Catch the ferry out of Woods Hole or a puddle-jumper from Logan Airport to this New England getaway that’s only accessible by air or sea. Most boats land in touristy Vineyard Haven, but steer clear of the crowds queuing for mayonnaise-heavy “lobstah rolls” and make your way to the Copper Wok for seafood instead, where you’ll find creative sushi and sake cocktails. Oak Bluffs, the other ferry terminal, offers more diverse dining options. Grab locally-sourced small plates from a knowledgeable, likely mustachioed bartender at 20byNine, then head to Beetlebung for local beer and a farm-to-table dinner. If you’re feeling like an adventure, head further from port to Edgartown and check out Alchemy Restaurant, a chic spot with outdoor dining downstairs and fantastic bar upstairs with some of the best craft cocktails on the island. Take your dessert to go and head to Menemsha Public Beach, one of the few spots on the East Coast where you can watch the sun set over the Atlantic. Need spots to stay? Hit up bed-and-breakfasts like Tivoli Inn and Oak Bluffs Inn or hotels such as Summercamp for a comfy place to crash.

Nantucket

Once a working hub for the booming Massachusetts whaling industry, Nantucket has long been a haven for wealthy tourists and snowbirds seeking shelter from the summer heat—and crowds—on the mainland.

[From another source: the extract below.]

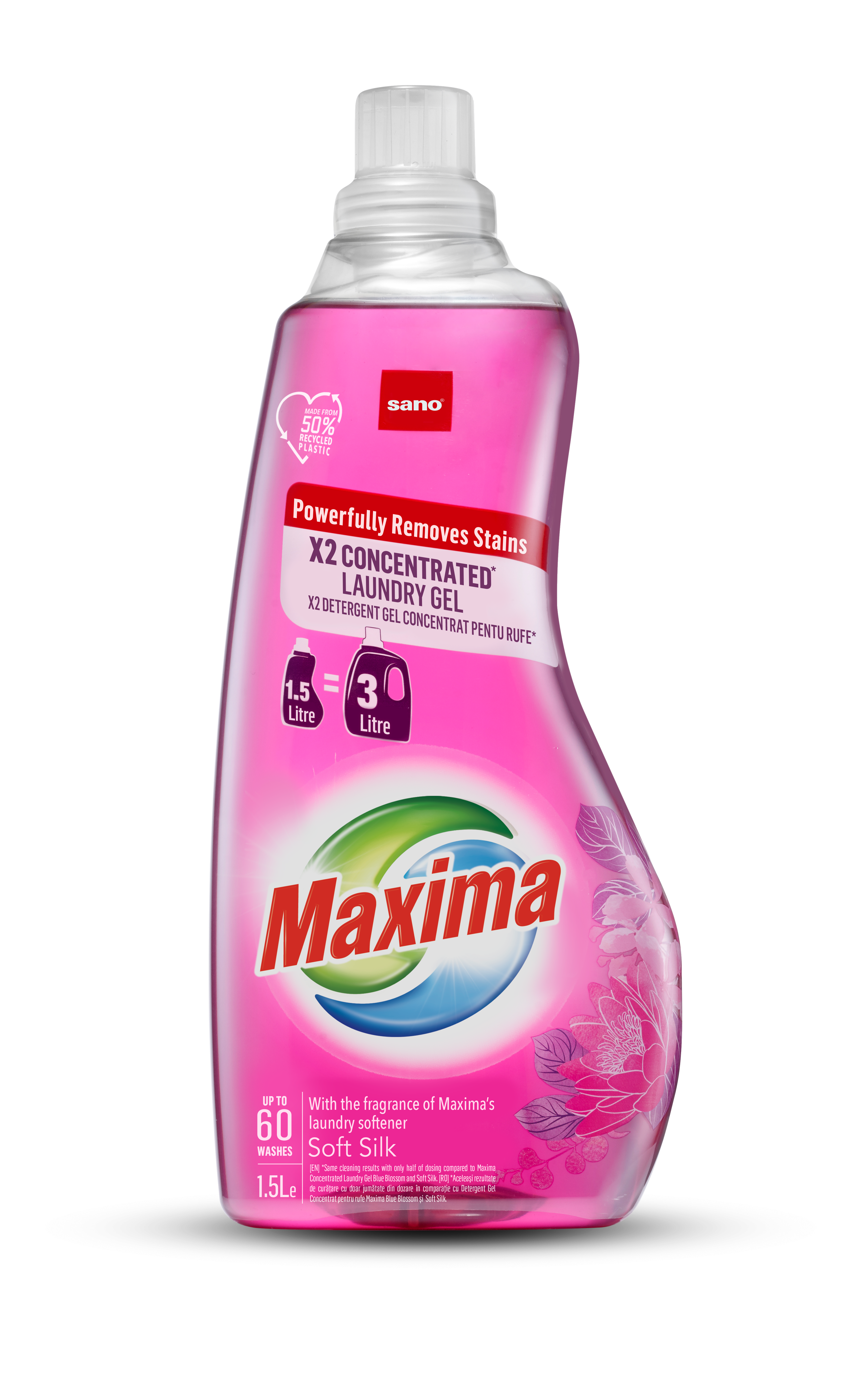 Сано - Максима "Софт Силк" - концентрираният гел за пране е уникална комбинация от ензими и перилни препарати за мощно отстраняване на петна, почистващи ефективно при всякаква температура на водата.

The tiny island is like the Vineyard’s snooty (but refined) older sibling, where the visitors tend to be more couth and the bars less raucous—but that doesn’t mean they don’t know how to have a good time. When you’re done enjoying the quaint clapboards, cobblestones, and picturesque lighthouses (Brant Point has the best views), get gussied up for oysters at Cru’s harbor-view bar, dine at Dune for nuanced New American with incredible cocktails, then loosen your tie and check out the Chicken Box, where you’ll find nightly live jazz, pool tables, and all the dive bar charm you can handle.